Visitors can tour its laboratory, where samples regularly collected from gorillas are scrutinized from microbes, drop in for a coffee at its new Gorilla Conservation Café, or stay the night in comfortable and affordable en suite guest rooms. Costing a fraction of the price charged by luxury lodges, its another way to keep down the cost of a gorilla – trekking safari while learning about community conservation at the same time.

Get a taste of their excellent Gorilla Coffee –rich and velvety – the following morning, as you gaze at chilly moss-green mountains snuggled by scarves of woolly mist.

Into the woods

After an 8 am briefing at the park headquarters, you are assigned a gorilla troop to trek then hike into the forest. Although familiar with humans, gorillas perfect to stay in hard-to-reach, high rise hangouts. Trackers, out since dawn, have located them a two and a half walk away.

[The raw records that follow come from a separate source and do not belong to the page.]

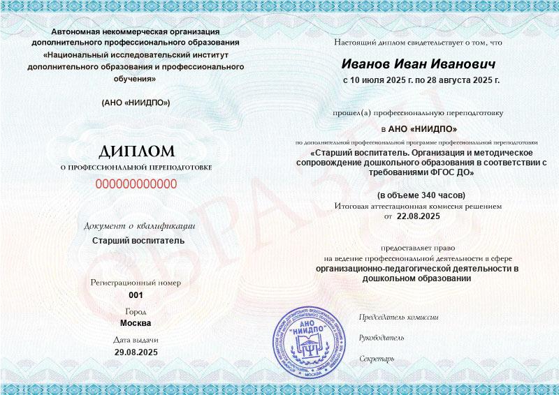 Диплом о профессиональной переподготовке московского институтаДиплом действует на территории всей России и признается государственными и частными организациями
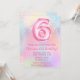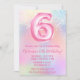 Invitación de cumpleaños 6 arcoiris rosado Invitación de Purpurina Girly Pink invitación a una fiesta de cumpleaños para un chica de 6 años con escritura moderna y divertidos globos de Relieve metalizado.
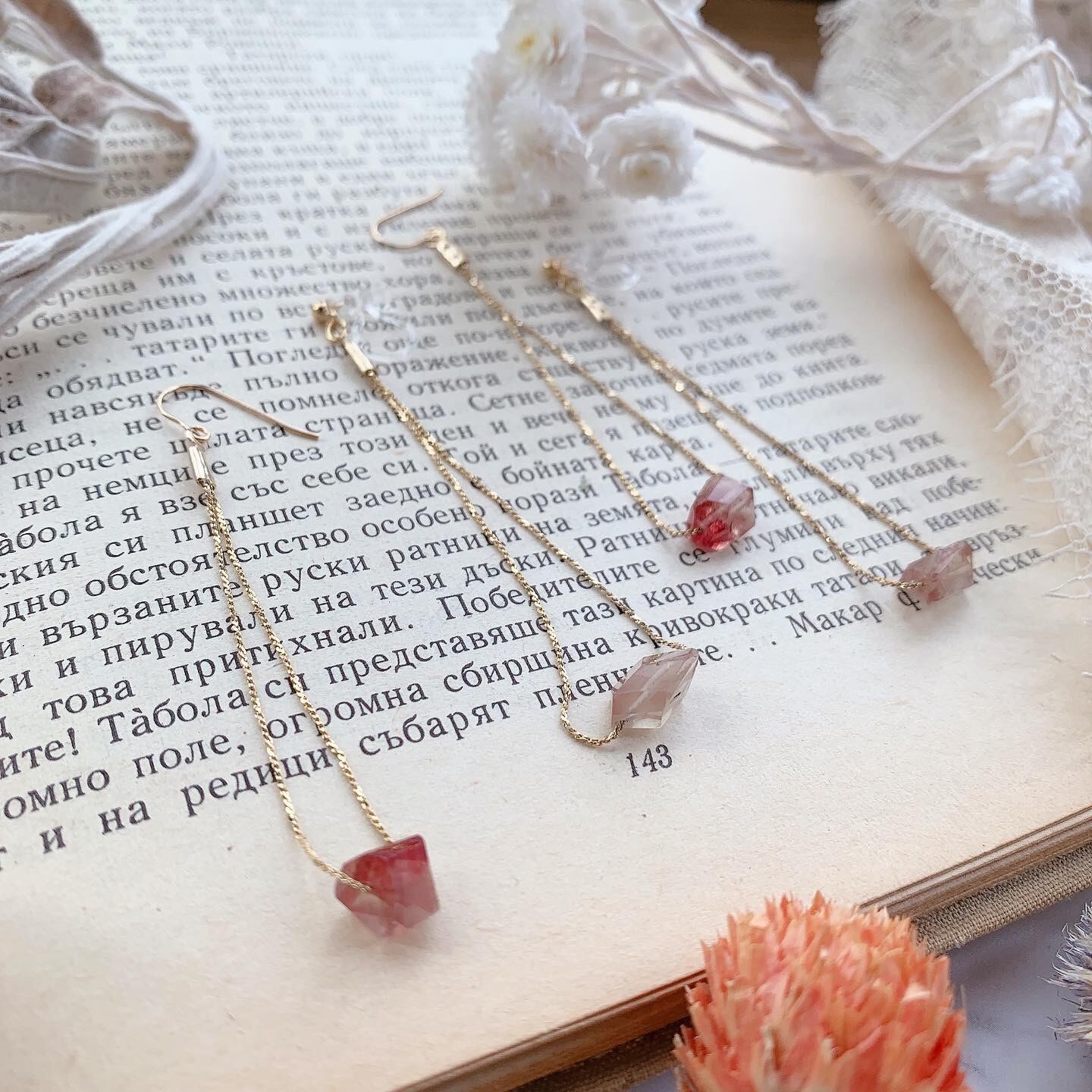 カットストーンが美しい、華奢なチェーンイヤリング&ピアスです。
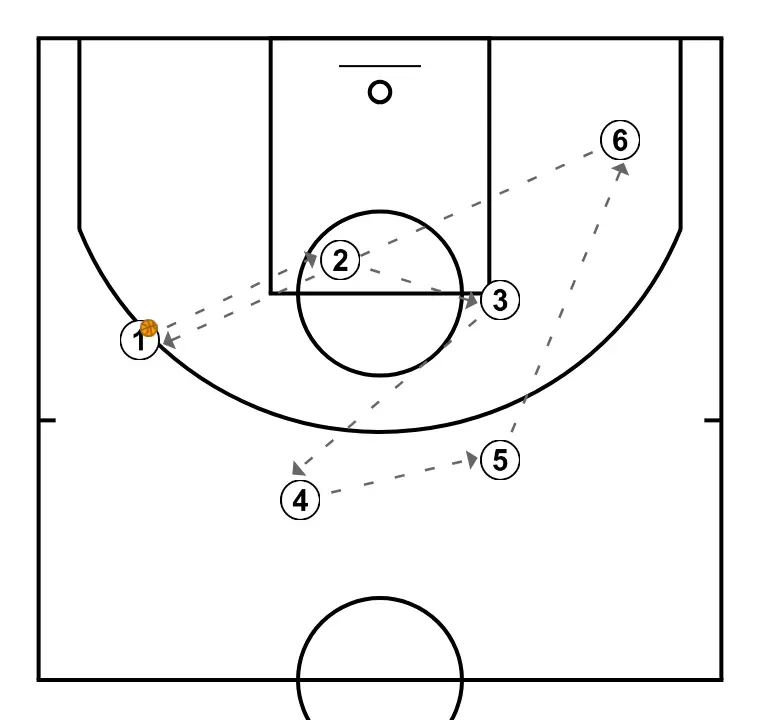Six players, numbered 1 to 6, pass the ball around a given space with the rule that you pass to the next number and receive from the previous one. Each time you pass, you have to move to a different space. You start with one ball but then you introduce a second and a third. A good exercise to work on children's attention to various stimuli.
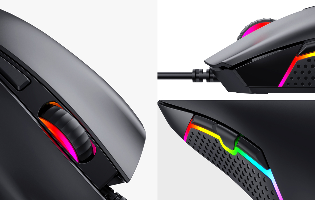 El producto impresiona no solo por su funcionalidad. El MS1010 está equipado con retroiluminación RGB de colores, lo que le da una sensación única al juego. El diseño moderno y elegante hace que el ratón tenga un aspecto increíble, puede ser una decoración fantástica para tu escritorio.

The hike only serves to heighten anticipation and becomes and adventure in itself. Crossing fields where women in colorful Kitenge headscarves are harvesting crops with heavy scythes, we enter a tunnel of branches and roots.

Climbing at elevations between 1,000 and 2,000 metres, walking is tough at times. You will appreciate hiring a porter from local community at US$ 20 to carry your heavy backpack. Once inside the forest, uneven ground makes it hard to keep balance and you will find yourself taking his hand for help.

Damp from overnight rainfall, the ground is slippery and droplets cling to leaves. Occasionally you will hear a faint whistle and the flapping of bird wings floats down from the highest tree canopies. Along the way, fellow trekkers will be whispering excitedly about life-long dreams of seeing gorillas. Will they look at us? How should we act in their presence? Will we be charged by a silverback? But as the minutes pass and the terrain gets tougher, we fall into silence, conserving our breath and savoring the privilege of being alone in this deep, dense forest. Then another thought enters in my head: will we actually find them?

We you find the gorillas, you are instructed to keep a 10-metre distance, to protect the gorillas from human-borne diseases, it is time to meet the family. The gorillas are not shy at all, see the silverback guarding his family, females climb trees seeking leaves to munch on, and toddlers tumble from the undergrowth, rolling so close, one even points his podgy index digit into your camera. They eat, fart and even mate.